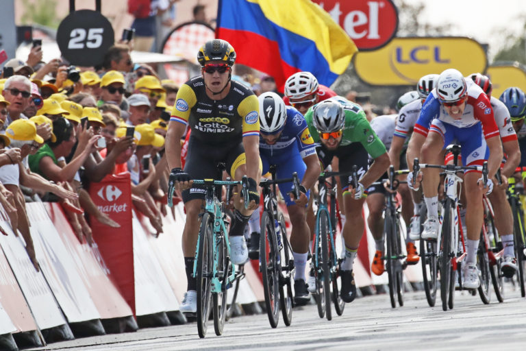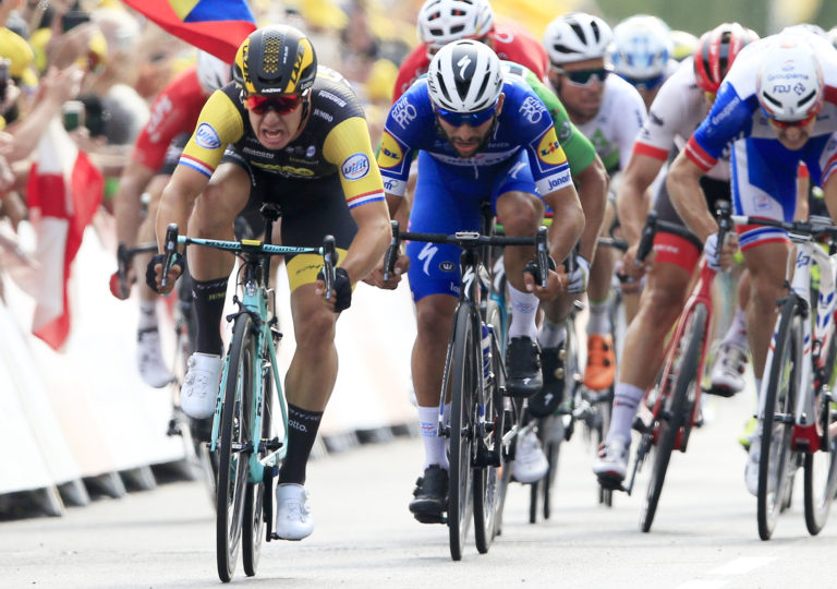 Víťazom siedmej etapy 105. ročníka Tour de France 2018 sa stal Holanďan Dylan Groenewegen, slovenský cyklista Peter Sagan (v zelenom) obsadil tretie priečku. Chartres, 13. júl 2018. Foto: SITA/AP.
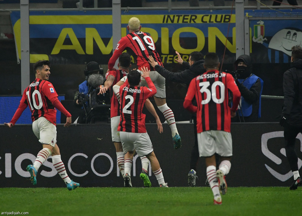 سجل أوليفييه جيرو هدفين في غضون ثلاث دقائق ليعوض ميلان تأخره ويفوز 2-1 على إنتر ميلان متصدر دوري الدرجة الإيطالي لكرة القدم السبت، ليقلص الفارق مع حامل اللقب إلى نقطة واحدة ويضع حدا لمسيرة منافسه الخالية من الهزيمة عند 14 مباراة.
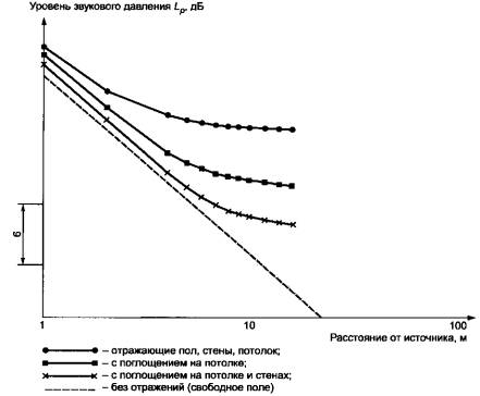 a) Если плотность источников шума в помещении высока, рабочие места расположены вблизи от источников шума, обработка поверхностей может быть полезной, если собственное звуковое поле в непосредственной близости от источника является преобладающим над звуком, приходящим от других источников или отраженным от ограждений помещения.
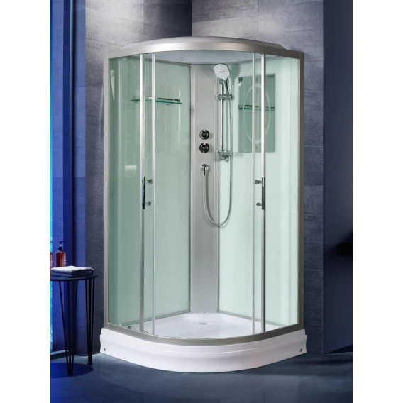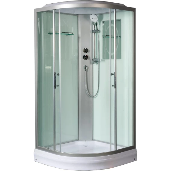 Душевой шланг, Душевая лейка, Держатель для душевой лейки, Подключение для душевого шланга, Полочка, Ручки, Верхний душ, Металлический каркас, Поддон, Смеситель, Сифон, Мыльница, Штанга душевая, Ножки, Зеркало
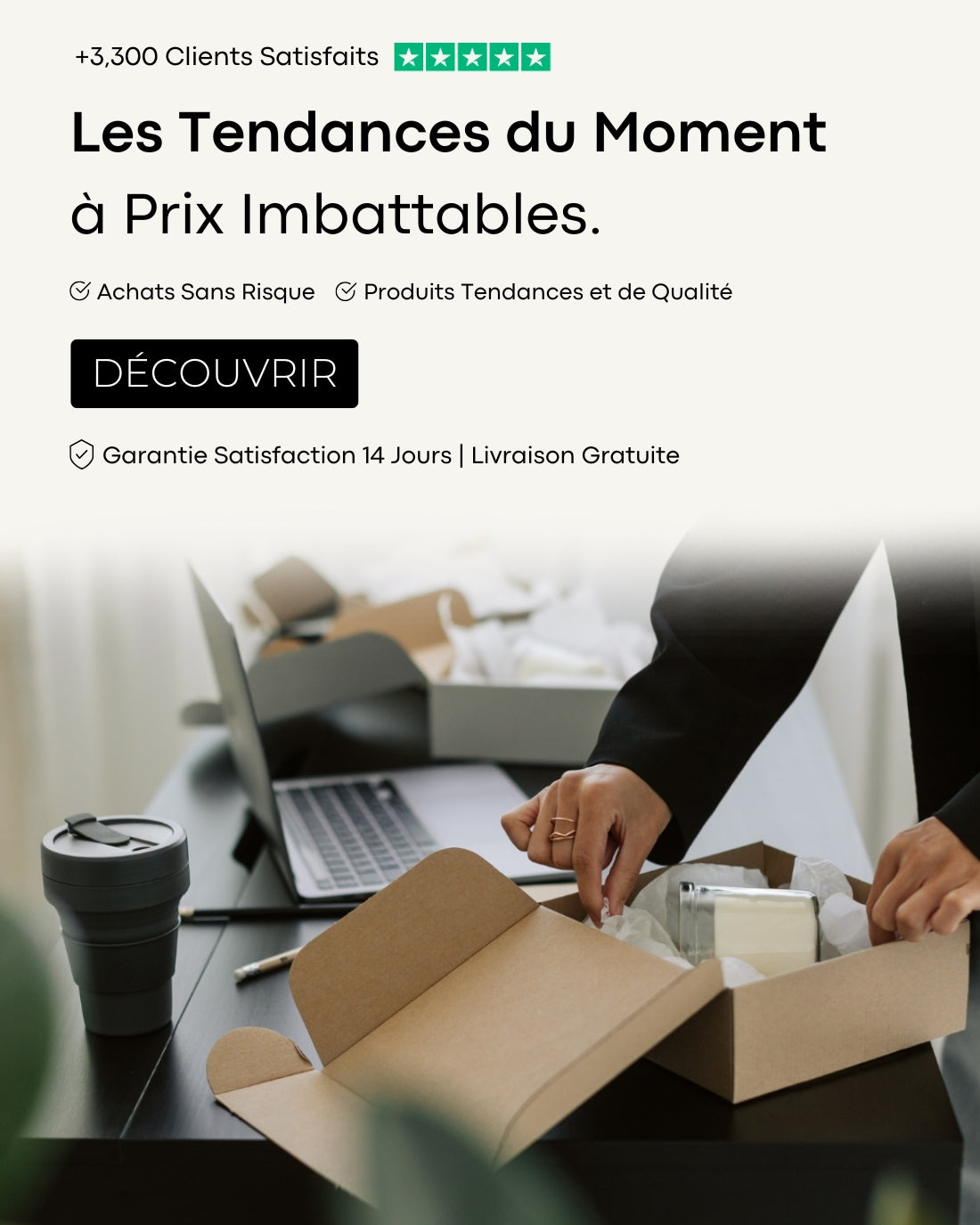 Notre mission ? Vous offrir une expérience d’achat fluide, des prix attractifs et un service client à l’écoute. Commandez en toute confiance et profitez de nos offres exclusives toute l’année !
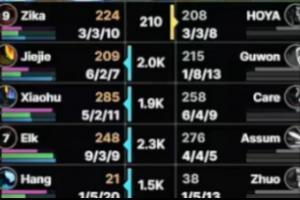 体育资讯4月9日讯 LPL第二赛段NIP首局不敌WBG,本局Guwon使用蔚打出1-8-13的尴尬战绩。
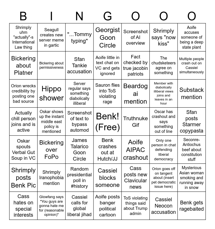 This bingo card has a free space and 48 words: Cass posts new Clavicular news, The chudsketeers agree on something, Aoife posts banger political cartoon, Oskar shows up the instant middle east policy is mentioned, Server regular says something diabolically illiberal, Sfan posts Starmer copypasta, Seagull creates new server meme in gartic, Glowfang says "You guys are gonna hate me for (reasonable opinion)", Shrimply says "now kiss", Benk crashes out at Hutch/JJ, Aoife accuses someone of being a deep state plant, Georgist Goon Circle, Member with diabolically illiberal views joins and leaves in an hour, Beardog ai mention, Shrimply posts Benk Pic, Oscar has crashout and says something out of line, Bickering about Platner, Multiple people crash out on Cassiel simultaneously, Orion goes off on tangent about (insert pet democratic issue here), Screenshot of AI overview, Fact checked by true jacobin patriots, Screenshot of text to bypass automod, Shrimply uhm "actually"-s International Law thing, Bickering about permissiveness, Mysterious Asian woman smoking and running away in snow, Sfan Tankie accusation, Substack mention, Cass hates on special interests, Sauron flies into ToS violating rage, Hippo shower, Cassiel Neocon accusation, Truthnuke Gif, Seconre-Antiochus beef about constitution stuff, Shrimply Iranophobia mention, Actually chill person joins and is active, Aoife AIPAC crashout, Only one person in chat defending liberal democracy, Orion wrecks credibility by posting one bad source, James Talarico Goon Circle, Random presidential poll in #history, Oskar spouts Verbal Gut Soup in VC, Benk gets ragebaited, "...Tommy typing", Cassiel calls for global liberal jihad, Aoife little in text chat on VC and gets ignored, Cassiel blocks someone, Bickering over FoPo and ToS violating things said about Trump admin.
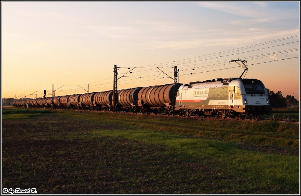 Im letzen Abendlicht kam 183 701  Train of Ideas  mit einem Kesselwagen gen Passau daher. (04.10.2011, Mangolding)
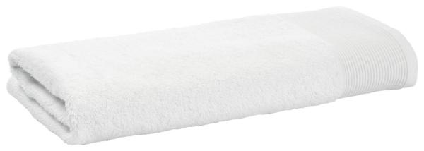 The towels with a silky gloss, velvety grip and flowing drape are pure luxury for your guests. The soft, fluffy fabric contains viscose, which is extracted from bamboo fibers. Due to the characteristics of the renewable source, the terry can absorb particularly large amounts of water. The towels are provided with a woven structure in a pleated look. Material: 60% cotton, 40% viscose. 60°C washable. Weight approx. 600 g/sqm.
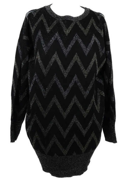 • Dámska čierno-strieborná vzorovaná svetrová tunika s prestrihmi Et Vous
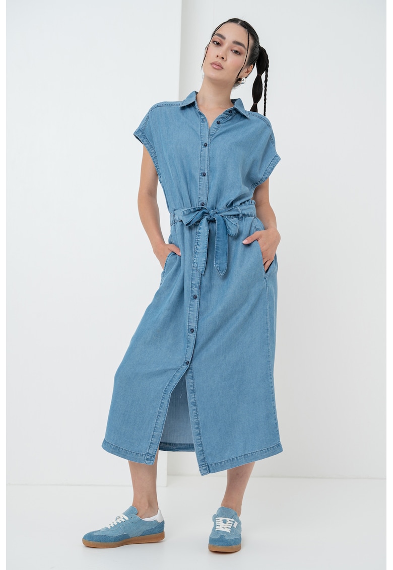 Caracteristici Culoare: albastru prafuit Stil: casual Material: lyocell Imprimeu: uni Croiala: dreapta Lungime: midi Guler: clasic Maneci: kimono Lungime maneca: maneca scurta Talie: elastica Buzunare: in cusaturile laterale Detalii: cordon asortat Sistem inchidere: nasturi Compozitie Exterior: 100% lyocell Info model Modelul poarta un produs de marimea S. Marimi model: 170 cm inaltime
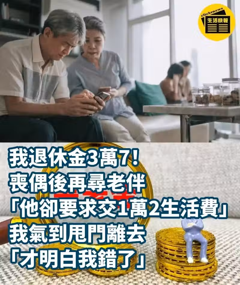 我退休金3萬7!喪偶後再尋老伴「他卻要求交1萬2生活費」 我氣到甩門離去「才明白我錯了」

★ ★ ★ ★ ★ ★ ★

- _Your objective_
Please copy out from the data above, without any picture, exactly the lines running from the one that holds "Душевой шланг, Душевая" through the one that holds "体育资讯4月9日讯 LPL第", and nothing beyond them.

- _Solved problem_
 Душевой шланг, Душевая лейка, Держатель для душевой лейки, Подключение для душевого шланга, Полочка, Ручки, Верхний душ, Металлический каркас, Поддон, Смеситель, Сифон, Мыльница, Штанга душевая, Ножки, Зеркало
 Notre mission ? Vous offrir une expérience d’achat fluide, des prix attractifs et un service client à l’écoute. Commandez en toute confiance et profitez de nos offres exclusives toute l’année !
 体育资讯4月9日讯 LPL第二赛段NIP首局不敌WBG,本局Guwon使用蔚打出1-8-13的尴尬战绩。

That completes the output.